• Data segment
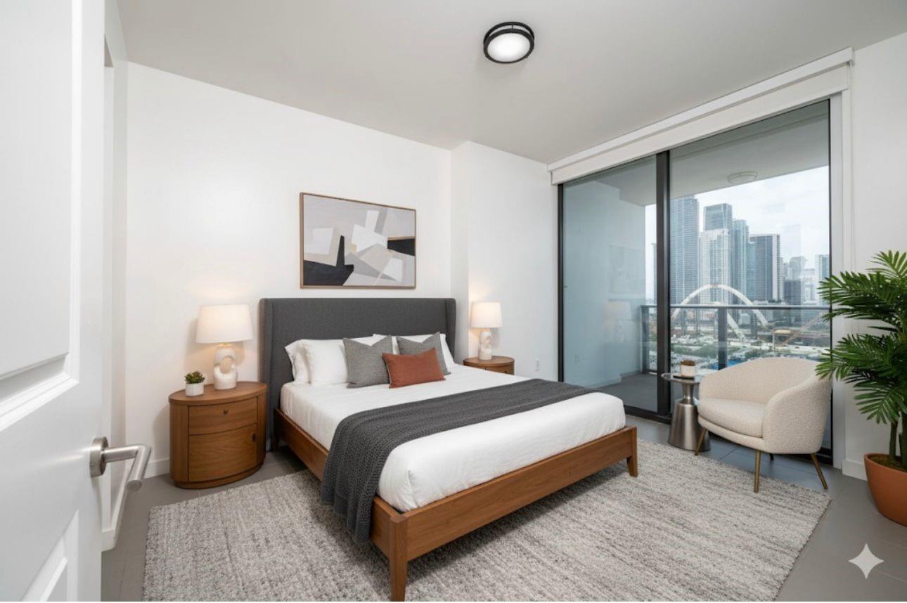 Spectacular 2 bed / 2 bath residence at CANVAS with stunning bay and city views. Features include an open kitchen, split floor plan, modern tile throughout, impact windows and doors, and a spacious balcony perfect for enjoying skyline sunsets and city lights. CANVAS offers 30,000+ sq. ft. of resort-style amenities including sunrise and sunset pools, spa, sauna, 3,000 sq. ft. state-of-the-art gym, yoga garden, racquetball court, theater, social and game rooms, children’s playroom, eco-friendly gardens, indoor/outdoor café and bar, plus 24/7 security, concierge, on-site management, and self-parking. *** Unit has storage on same floor # 15D *** Condo fee includes: Water, basic cable, and trash.
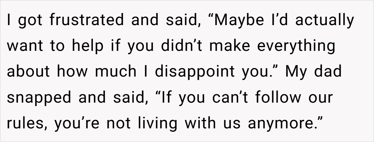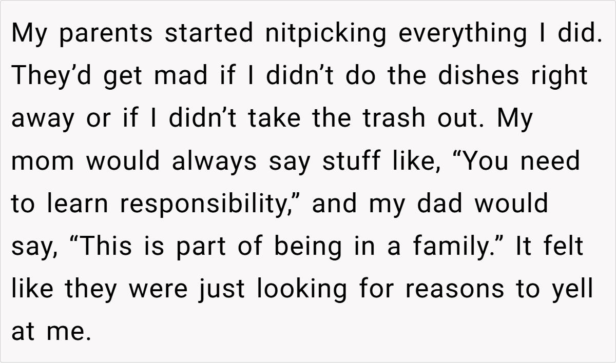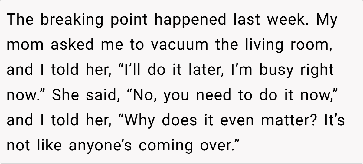 One of the biggest red flags in OP’s story is how quickly his parents kicked him out over a minor argument. This wasn’t about vacuuming—it was about control.
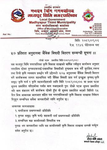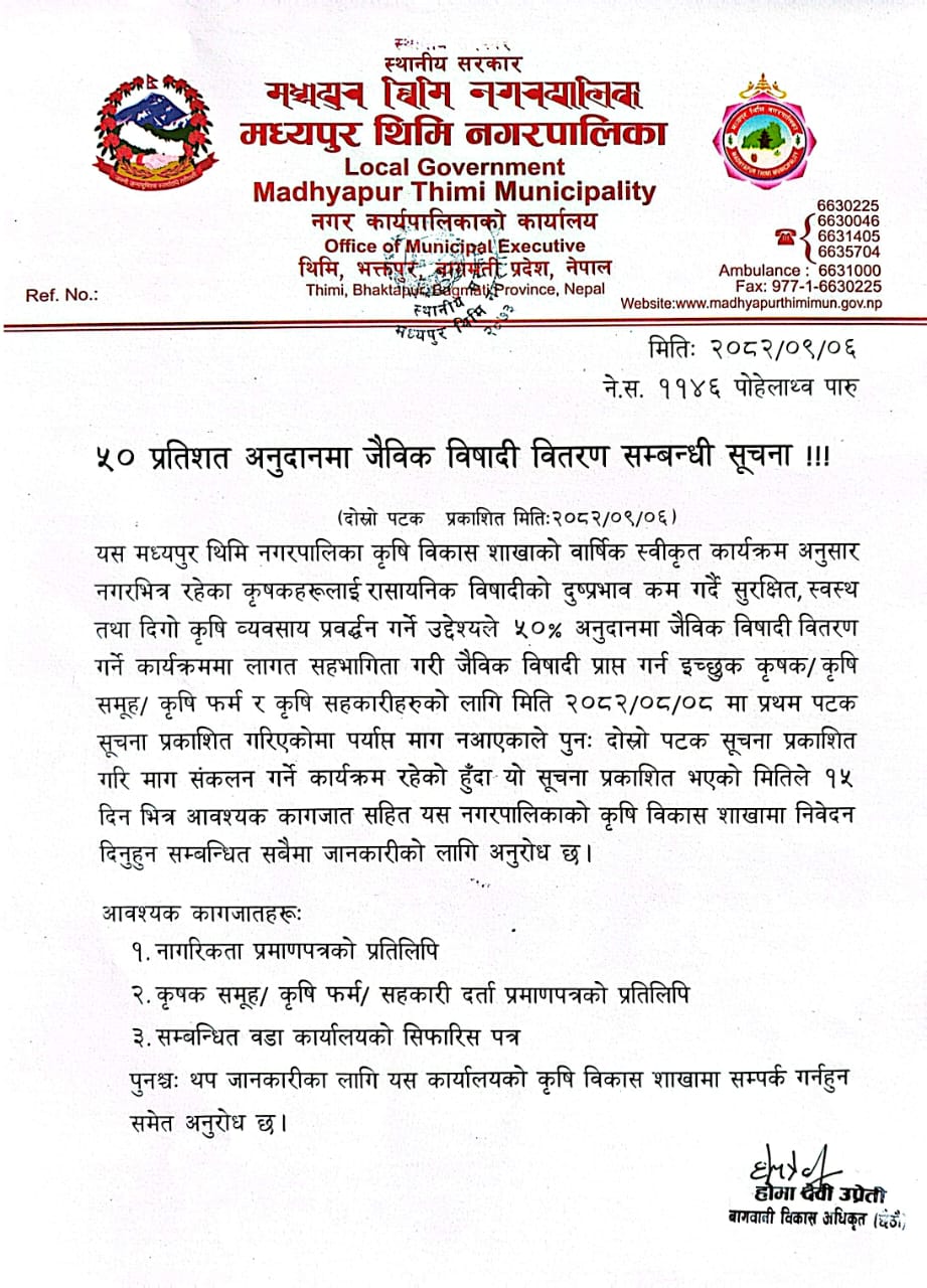 Notice regarding distribution of organic pesticides at 50 percent subsidy!!! (Second publication date 2082.09.06)

• About this exercise
Copy the material above in full and exactly, skipping pictures.

• Solution to this problem
 Spectacular 2 bed / 2 bath residence at CANVAS with stunning bay and city views. Features include an open kitchen, split floor plan, modern tile throughout, impact windows and doors, and a spacious balcony perfect for enjoying skyline sunsets and city lights. CANVAS offers 30,000+ sq. ft. of resort-style amenities including sunrise and sunset pools, spa, sauna, 3,000 sq. ft. state-of-the-art gym, yoga garden, racquetball court, theater, social and game rooms, children’s playroom, eco-friendly gardens, indoor/outdoor café and bar, plus 24/7 security, concierge, on-site management, and self-parking. *** Unit has storage on same floor # 15D *** Condo fee includes: Water, basic cable, and trash.
 One of the biggest red flags in OP’s story is how quickly his parents kicked him out over a minor argument. This wasn’t about vacuuming—it was about control.
 Notice regarding distribution of organic pesticides at 50 percent subsidy!!! (Second publication date 2082.09.06)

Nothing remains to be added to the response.